Brazil coffee prices ‘underpinned’, despite improved crop hopes

The institute said that weather in Brazil early in 2016 “may continue to be influenced by El Nino”, which has a large influence on rainfall patterns in the country.

20 de janeiro de 2016 | Sem comentários English Geral
Por: Agrimoney.com

Arabica coffee prices in Brazil should stay firm despite rising harvest expectations thanks to “low” stocks, Cepea said, touching on one of the biggest questions in the market – the size of the country’s inventories.


The institute said that weather in Brazil early in 2016 “may continue to be influenced by El Nino”, which has a large influence on rainfall patterns in the country.


“This scenario should be favourable to development” of the arabica coffee crop to be harvested later this year, with El Nino often bringing rains to top producing state Minas Gerais, although it should prove “unfavourable to robusta coffee”.

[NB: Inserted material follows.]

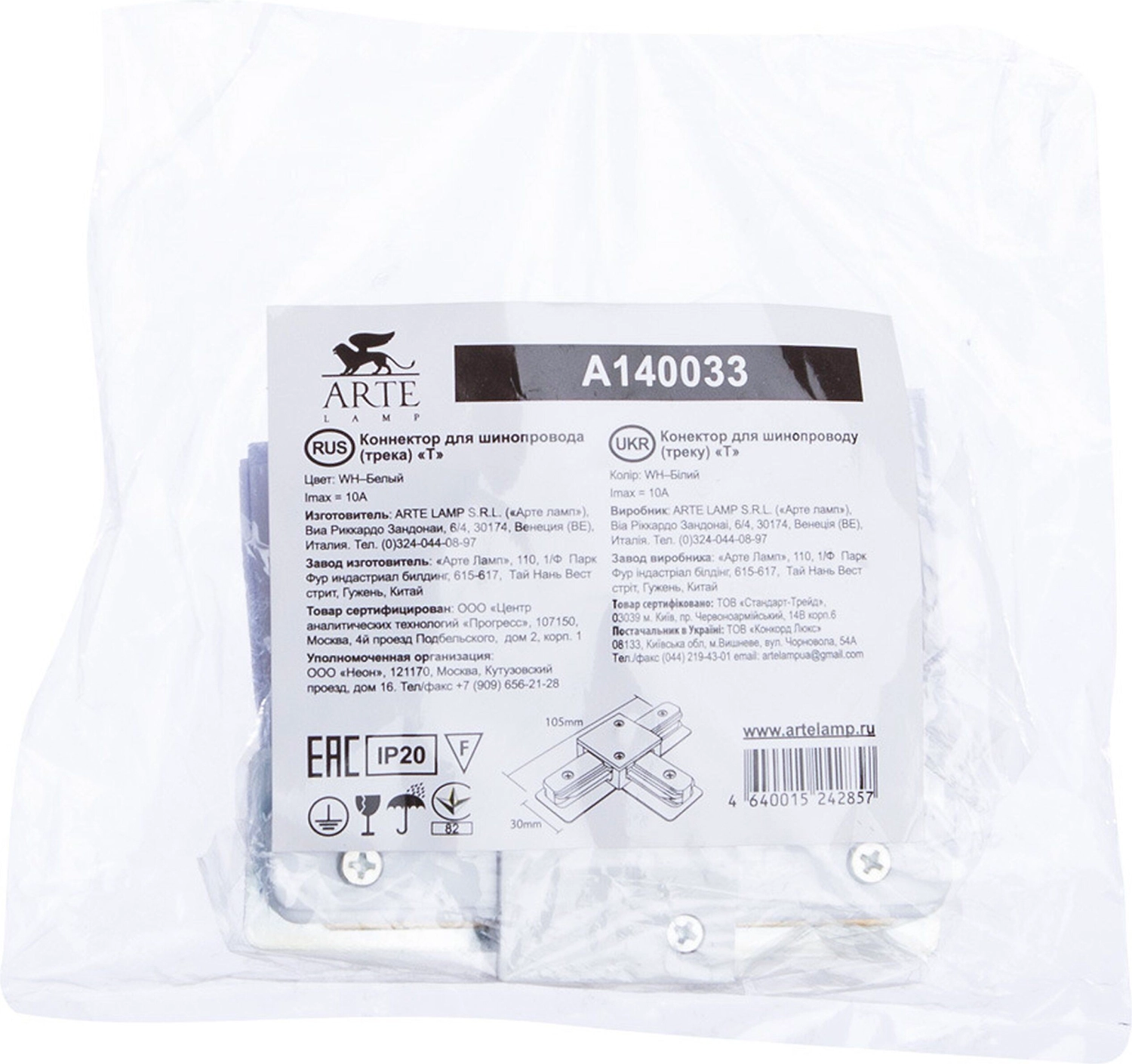 Коннектор для шинопровода ARTE Lamp A140033 11 см белый

The El Nino is being blamed for persistent and yield-sapping dryness in Espirito Santo, Brazil’s top robusta-producing state.


‘Stock is low’


The benign weather outlook for arabica-growing areas is provoking “expectation of high production of arabica in Brazil”, Cepea said.


London-based soft commodities broker Marex Spectron last week forecast Brazil’s coffee harvest this year rising by some 8m bags to a historically high 57.5m-58m bags, of which 41.8m bags will comprise arabica beans.

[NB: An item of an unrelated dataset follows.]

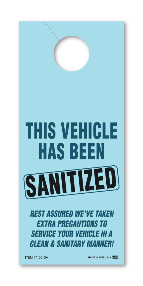 Hangs on rearview mirror and is an excellent way to communicate with your customer.

However, Cepea said that Brazilian arabica values should nonetheless find support in depleted levels of inventories, sapped by strong exports in 2014 and 2015 – years of disappointing harvests.

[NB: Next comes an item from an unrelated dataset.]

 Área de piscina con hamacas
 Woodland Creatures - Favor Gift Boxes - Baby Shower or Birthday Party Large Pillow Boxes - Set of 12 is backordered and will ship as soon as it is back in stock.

“Stock is low, which should underpin domestic prices in 2016,” the institute said, citing as evidence of its case a rise in arabica values, as delivered to Sao Paulo city, to R$504.26 ($126.32) per bag the highest in more than a year.


Prices “surpassed R$500 per 60-kilogramme bag, a value not seen since October 2014”.


Balance sheet ‘anomalies’


Many coffee watchers have been surprised by the strength of Brazil’s exports, at 2.01m tonnes (33.4m bags) last year and 1.97m bags in 2014, according to official data.


Despite drought-depleted harvests in both years in Brazil – which consumes itself some 20m bags of coffee a year – exports beat the 2013 total of 1.70m tonnes.


Many commentators have said that the apparent anomaly is down, at least in part, to underestimates of the Brazilian harvest, which the official Conab bureau pegged at 43.2m bags in 2014 and 45.6m bags last year.


However, there are widespread ideas that Brazil’s coffee stocks were larger than thought too.


Cepea flagged an estimate from the US Department of Agriculture that Brazil’s coffee stocks will fall by 45% to 5.20m bags over 2015-16.


‘On’ year


Expectations for the 2016 harvest vary widely too, with many commentators less upbeat than Marex, despite rains early in the calendar year – a period which, after extensive drought starting early in 2014, and some shortfall last year, has become much-watched.


Brazil’s Conselho Nacional do Café producers’ group on Friday pegged output at 47m-50m bags.


The estimate reflects “the fact that the weather conditions have been favourable since the end of last year for the development of crops, different from the dry spells and droughts recorded in 2014 and 2015”, the CNC said, adding that its forecast followed plantation tours and interviews with contacts.


The group also noted that 2016 is an “on” year for Brazilian coffee, which has historically alternated between higher and lower production years.


Minas Gerais surge


Earlier last week, Brazil’s Instituto Brasileiro de Geografia e Estatística (IBGE) institute pegged this year’s Brazilian coffee output at 49.7m bags, including a 15.6% increase to 38.3m bags in arabica production.


“After two consecutive years of weather problems in major [coffee-growing regions]… the country’s coffee production is expected to recover in part and close 2016 with growth of 12.5% ​​over the previous year,” the IBGE said.


Minas Gerais output was seen soaring 21% year on year.